The report, released by the International Institute of Finance (IIF) on Thursday, showed that global debt surged by $7.5 trillion in the first six months of 2019. The IIF said the overall number hit $250.9 trillion at the end of this period, and will exceed $255 trillion by the end of 2019.
“China and the U.S. accounted for over 60% of the increase. Similarly, EM debt also hit a new record of $71.4 trillion (220% of GDP). With few signs of slowdown in the pace of debt accumulation, we estimate that global debt will surpass $255 trillion this year,” the IIF said in the report.
Rising debt across the world has been a big concern for investors and has also been flagged as the next breaking point by a number of economists. Record-low interest rates make it extremely easy for corporates and sovereigns to borrow more money.
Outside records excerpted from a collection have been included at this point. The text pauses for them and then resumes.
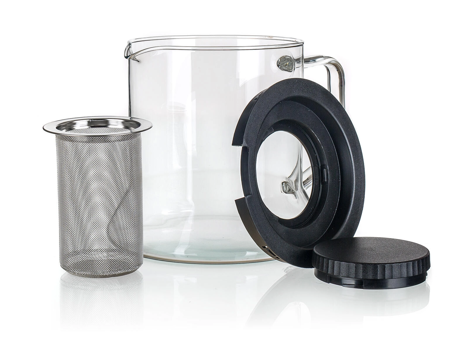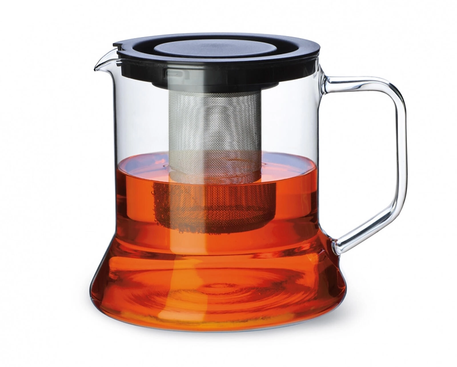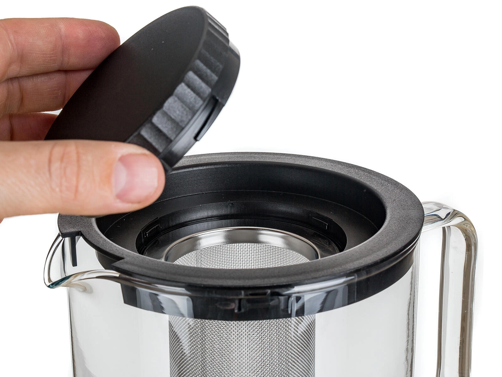 Det fine rustfri stålsi opfanger selv små blade og urter og kan nemt tages ud, hvis du vil bruge kanden uden filter. Den glatte, ikke-porøse overflade er hygiejnisk og nem at vedligeholde – både kanden og delene kan vaskes i opvaskemaskinen. Plastlåget slutter godt tæt, og det behagelige glashåndtag sikrer sikker udskænkning.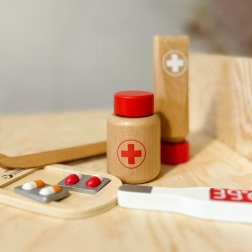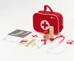 Komplet od Classic World vsebuje vse, kar mali zdravnik potrebuje za igro zdravnika. Otroci lahko poslušajo srčni utrip pacientov (plišasti medvedki, punčke) s pomočjo stetoskopa, 'merijo' temperaturo s termometrom, 'dajo' injekcije ali ponujajo nujna zdravila. Igra zdravnika ni le priljubljena igra vlog, ampak tudi poučevanje empatije in sodelovanja, kar je zelo pomembno za socialne odnose. Ta komplet podpira razvoj domišljije in učenje reševanja problemov.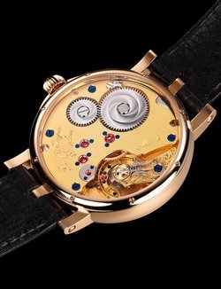Hour and minute indication, eccentric second, moon phase, complete calendar, second hand stop

“However, with diminishing scope for further monetary easing in many parts of the world, countries with high levels of government debt (Italy, Lebanon) — as well as those where government debt is growing rapidly (Argentina, Brazil, South Africa, and Greece) — may find it harder to turn to fiscal stimulus,” the IIF report stated.
The International Monetary Fund (IMF) last month escalated its warnings about high levels of risky corporate debt, which have been exacerbated by persistent low interest rates from central banks. The IMF warned that almost 40%, or around $19 trillion, of the corporate debt in major economies such as the U.S., China, Japan, Germany, Britain, France, Italy and Spain was at risk of default in the event of another global economic downturn.
‘Pretty sustainable picture’However, central bankers don’t seem very worried by these rising debts. On Thursday, Federal Reserve Chairman Jerome Powell said he does not see signs of any bubbles brewing or immediate dangers being posed by trillion-dollar deficits.
“If you look at today’s economy, there’s nothing that’s really booming now that would want to bust,” Powell said in testimony before the House Budget Committee. “In other words, it’s a pretty sustainable picture.”
However, the report from IIF paints a different picture. It states that global government debt will top $70 trillion in 2019, up from $65.7 trillion in 2018, driven higher by the surge in U.S. federal debt.
“The big increase in global debt over the past decade — over $70 trillion — has been driven mainly by governments and the non-financial corporate sector (each up by some $27 trillion). For mature markets, the rise has mainly been in general government debt (up $17 trillion to over $52 trillion). However, for emerging markets the bulk of the rise has been in non-financial corporate debt (up $20 trillion to over $30 trillion).”
The IIF cites the deepening of global bond markets as the reason for the rise in debt levels. The global bond markets increased from $87 trillion in 2009 to over $115 trillion in mid-2019. The growth was mostly seen in the government bond market — which now make up 47% of global bond markets compared to 40% in 2009.
Global debt surged to a record $250 trillion in the first half of 2019, led by the US and China “The bond universe has grown most rapidly in emerging markets, swelling by over $17 trillion to near $28 trillion since 2009,” the report stated.